To re-build the cluster you need to run the pipeline in a given environment, and for the given cluster you deleted:
Click on Run pipeline (blue button) in top right of Azure DevOps. Ensure that Action is set to Apply, Cluster is set to whichever one you want to build and that the environment is selected from the drop down menu.

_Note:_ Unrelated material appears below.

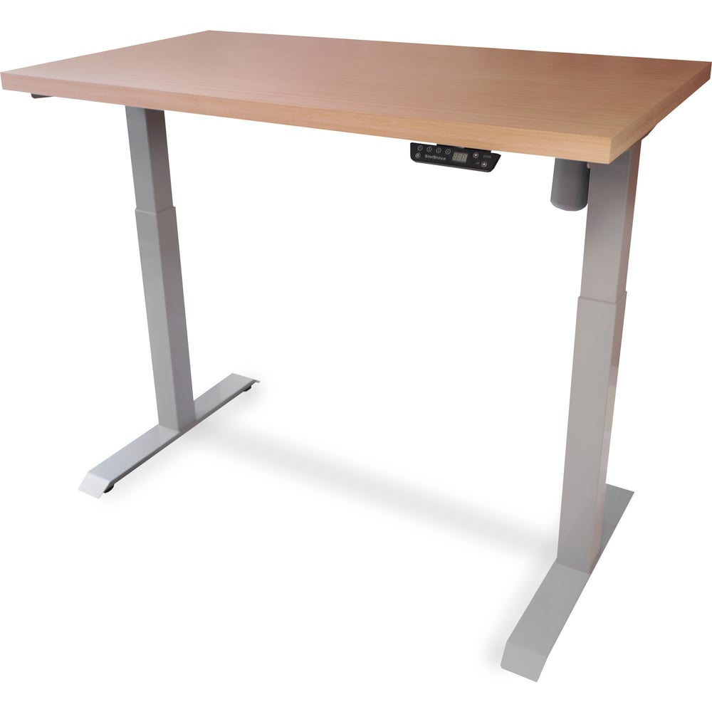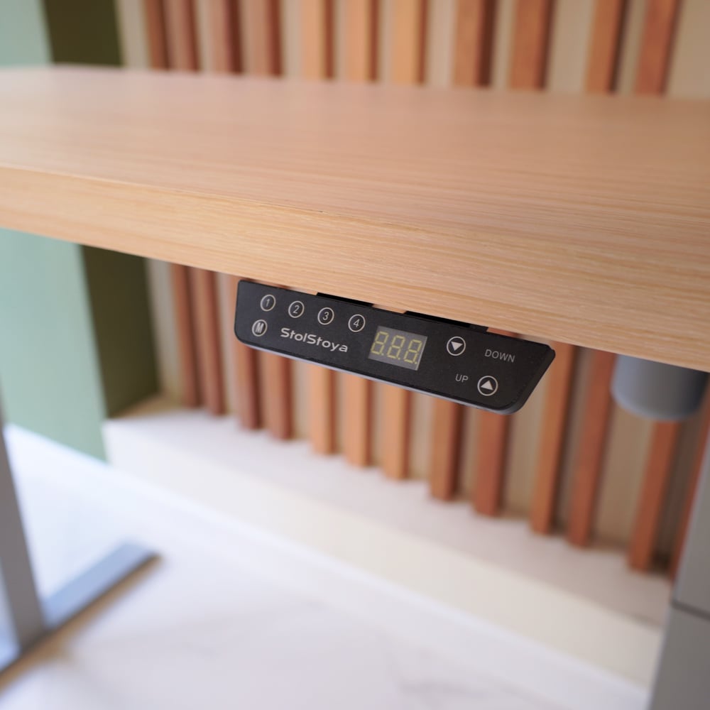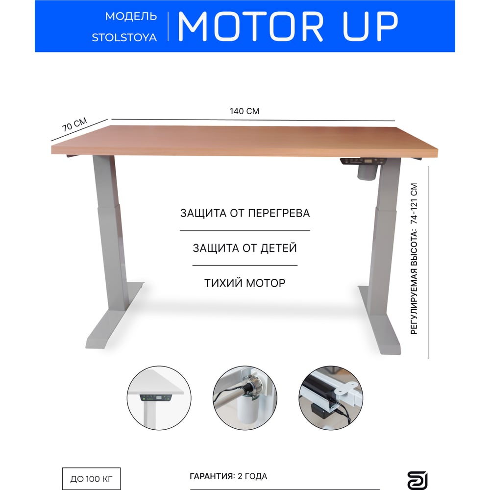 Стол StolStoya МОТОР UP с регулируемой высотой подстолье серое и столешница МДФ шпон беленый дуб 140x70 SE211ISBD14070

Click on Run to start the pipeline.
Common Steps
Before deployment of a cluster
- Merge PR to remove a cluster from Application Gateway
After deployment of a cluster
- Add the cluster back into Application Gateway once you have confirmed deployment has been successful. PR example here.
Environment Specific
Dev/Preview, AAT/Staging
- Change Jenkins to use the other cluster that is not going to be rebuilt
- If the configuration doesn’t update after your pull request has been merged, you can change it manually in the Jenkins Configuration
After deployment of a cluster
- Change Jenkins to use the other cluster, e.g. cnp-flux-config#19886 .
- After merging above PR, if Jenkins is not updated Check Here, you MUST manually change Jenkins config to use the other cluster.
- If it is a preview environment, swap external DNS active cluster, e.g. cnp-flux-config#19889
- If it is an AAT Environment, you will need to update the Private DNS record to point to the new cluster. Prvate DNS PR. The private dns should be set to the kubernetes internal loadbalancer IP (Traefik). See common upgrade steps for how to retrieve the IP address"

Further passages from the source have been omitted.